====== Data shown ======
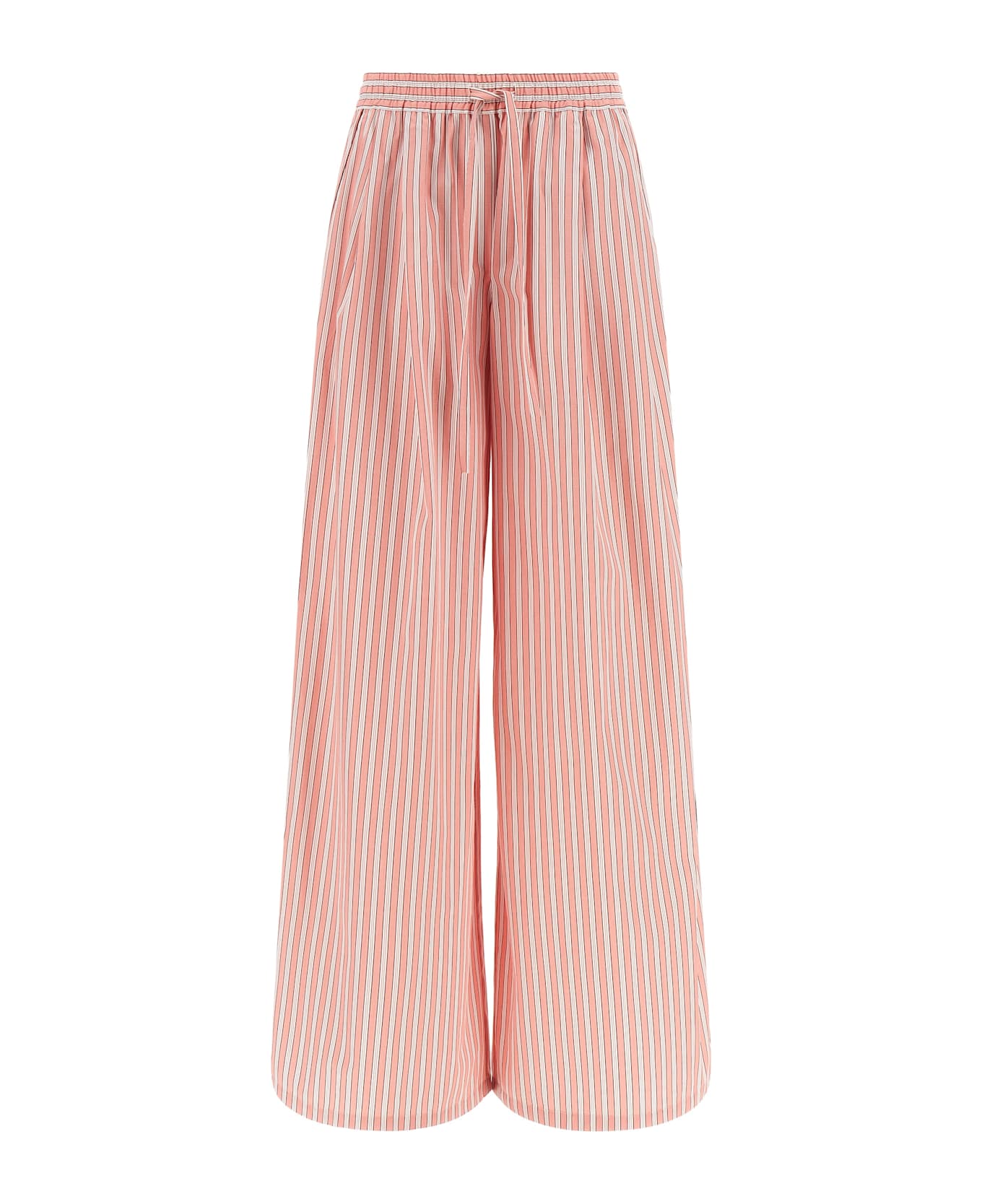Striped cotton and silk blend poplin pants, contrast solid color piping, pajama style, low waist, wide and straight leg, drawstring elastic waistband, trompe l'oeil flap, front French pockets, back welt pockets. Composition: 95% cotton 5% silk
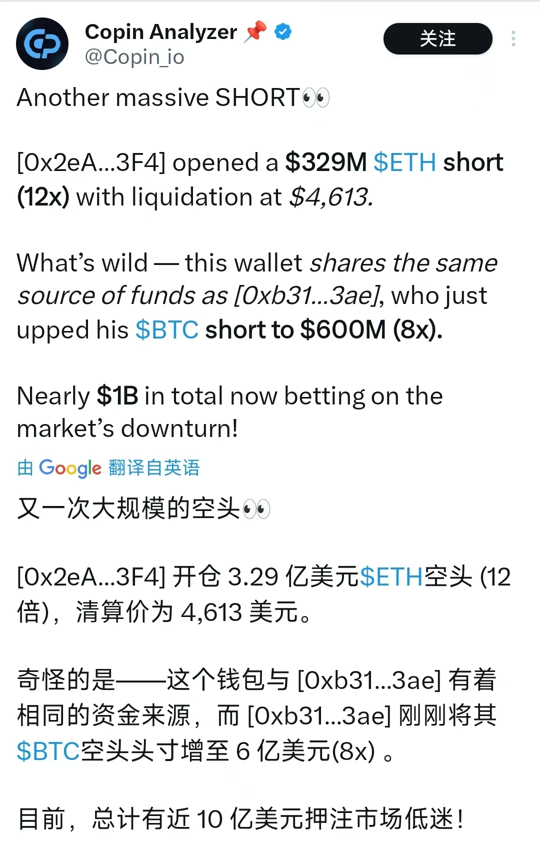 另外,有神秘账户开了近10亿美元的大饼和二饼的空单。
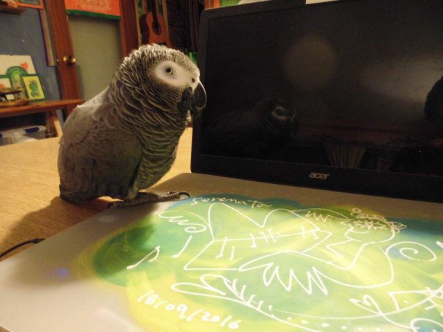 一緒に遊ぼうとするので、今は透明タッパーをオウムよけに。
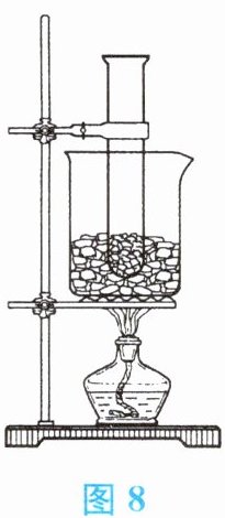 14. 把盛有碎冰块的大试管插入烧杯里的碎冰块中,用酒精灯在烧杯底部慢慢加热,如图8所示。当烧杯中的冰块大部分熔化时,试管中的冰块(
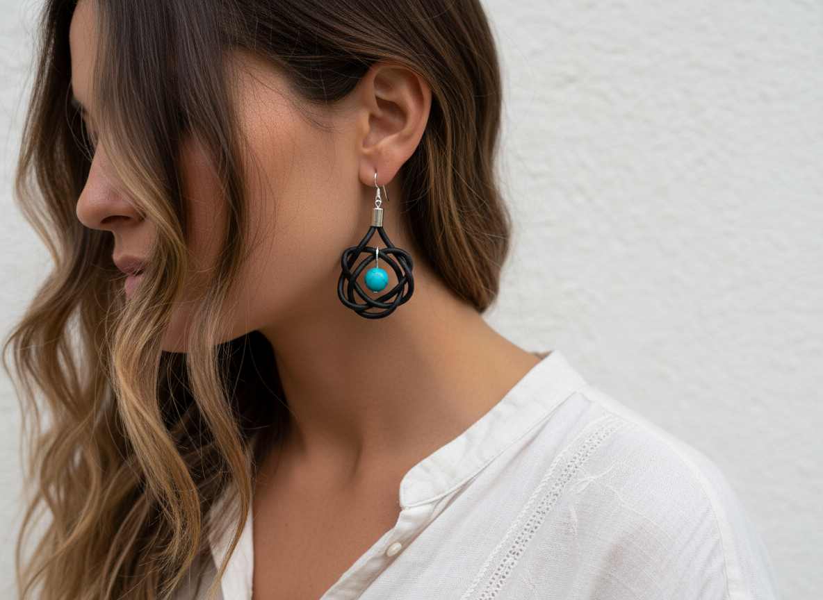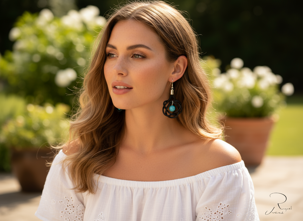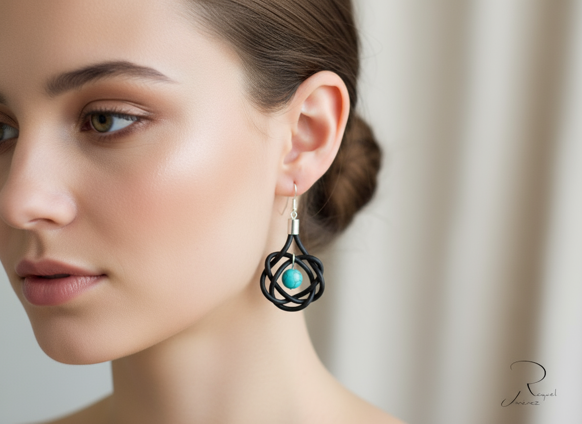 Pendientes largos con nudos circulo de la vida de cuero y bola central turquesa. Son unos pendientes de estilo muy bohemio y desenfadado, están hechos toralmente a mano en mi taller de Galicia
======
====== Data shown ======
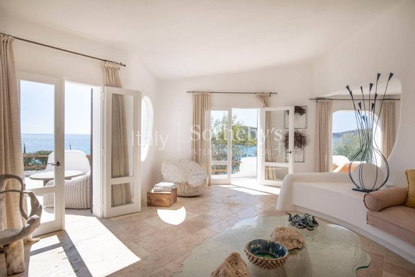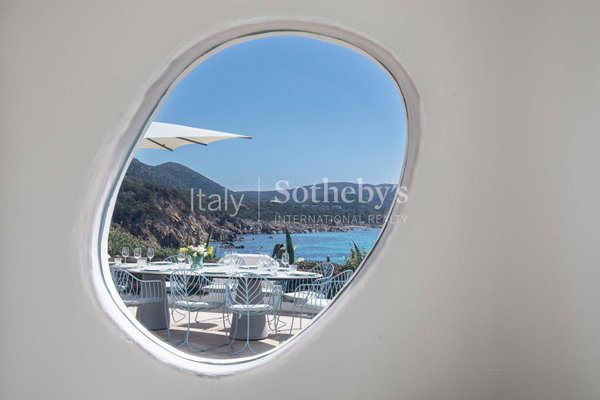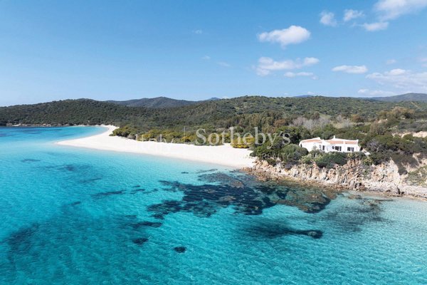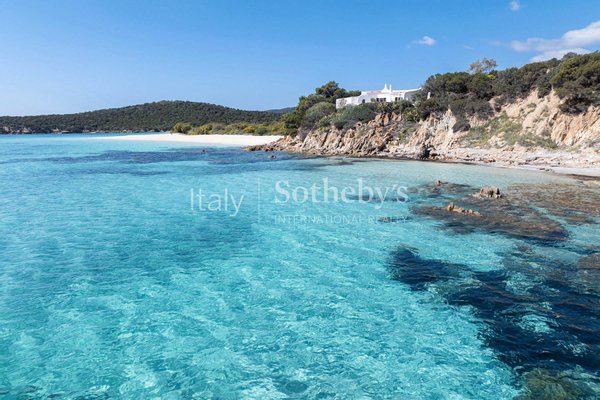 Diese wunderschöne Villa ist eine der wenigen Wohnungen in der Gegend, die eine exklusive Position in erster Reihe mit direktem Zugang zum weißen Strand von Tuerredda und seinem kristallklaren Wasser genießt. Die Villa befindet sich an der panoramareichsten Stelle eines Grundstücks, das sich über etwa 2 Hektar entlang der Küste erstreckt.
======
====== Data shown ======
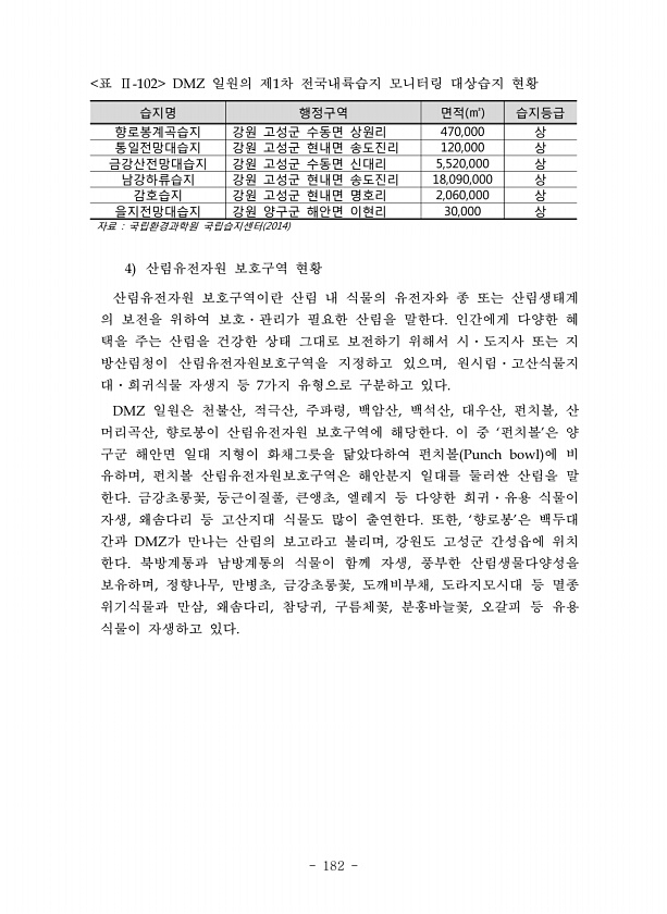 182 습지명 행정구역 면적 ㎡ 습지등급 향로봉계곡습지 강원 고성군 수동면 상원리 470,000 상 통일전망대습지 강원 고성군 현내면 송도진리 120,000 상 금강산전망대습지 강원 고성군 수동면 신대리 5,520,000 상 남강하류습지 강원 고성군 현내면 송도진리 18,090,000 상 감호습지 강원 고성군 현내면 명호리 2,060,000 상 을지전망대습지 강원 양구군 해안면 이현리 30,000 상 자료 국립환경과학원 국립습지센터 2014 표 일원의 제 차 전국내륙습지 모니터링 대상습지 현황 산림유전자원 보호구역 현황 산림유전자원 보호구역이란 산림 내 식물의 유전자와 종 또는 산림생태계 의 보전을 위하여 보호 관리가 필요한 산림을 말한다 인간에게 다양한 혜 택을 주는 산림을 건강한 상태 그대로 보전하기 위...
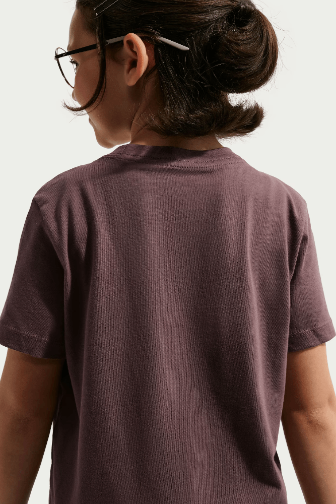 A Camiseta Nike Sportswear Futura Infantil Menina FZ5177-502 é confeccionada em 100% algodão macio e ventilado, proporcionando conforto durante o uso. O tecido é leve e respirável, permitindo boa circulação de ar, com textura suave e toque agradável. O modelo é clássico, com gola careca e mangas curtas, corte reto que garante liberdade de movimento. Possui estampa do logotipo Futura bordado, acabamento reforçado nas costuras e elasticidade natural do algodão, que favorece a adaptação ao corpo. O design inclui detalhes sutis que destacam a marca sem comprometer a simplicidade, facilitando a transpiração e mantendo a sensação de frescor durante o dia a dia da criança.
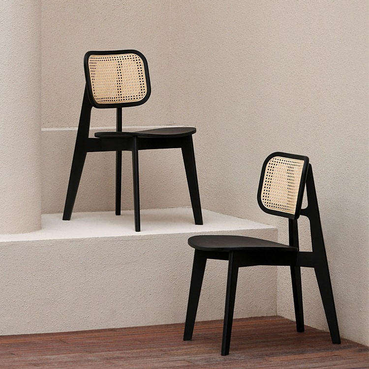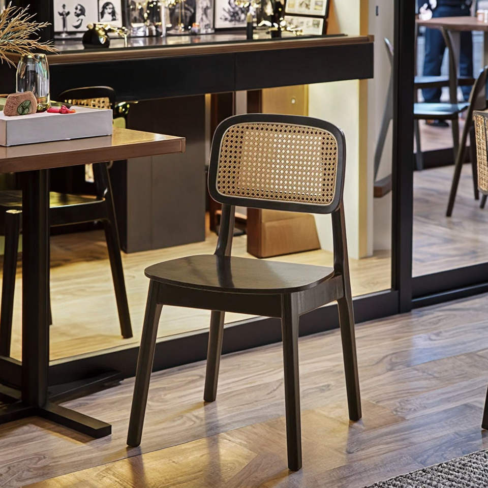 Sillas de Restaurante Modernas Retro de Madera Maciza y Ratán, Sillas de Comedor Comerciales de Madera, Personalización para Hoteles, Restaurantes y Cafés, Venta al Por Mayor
======
Reproduce, word for word, everything in the listing above from the line containing "另外,有神秘账户开了近10亿美元的大饼和二饼的空单。" down to the line containing "Pendientes largos con", both of them included. No pictures.

### Solved problem
 另外,有神秘账户开了近10亿美元的大饼和二饼的空单。
 一緒に遊ぼうとするので、今は透明タッパーをオウムよけに。
 14. 把盛有碎冰块的大试管插入烧杯里的碎冰块中,用酒精灯在烧杯底部慢慢加热,如图8所示。当烧杯中的冰块大部分熔化时,试管中的冰块(
 Pendientes largos con nudos circulo de la vida de cuero y bola central turquesa. Son unos pendientes de estilo muy bohemio y desenfadado, están hechos toralmente a mano en mi taller de Galicia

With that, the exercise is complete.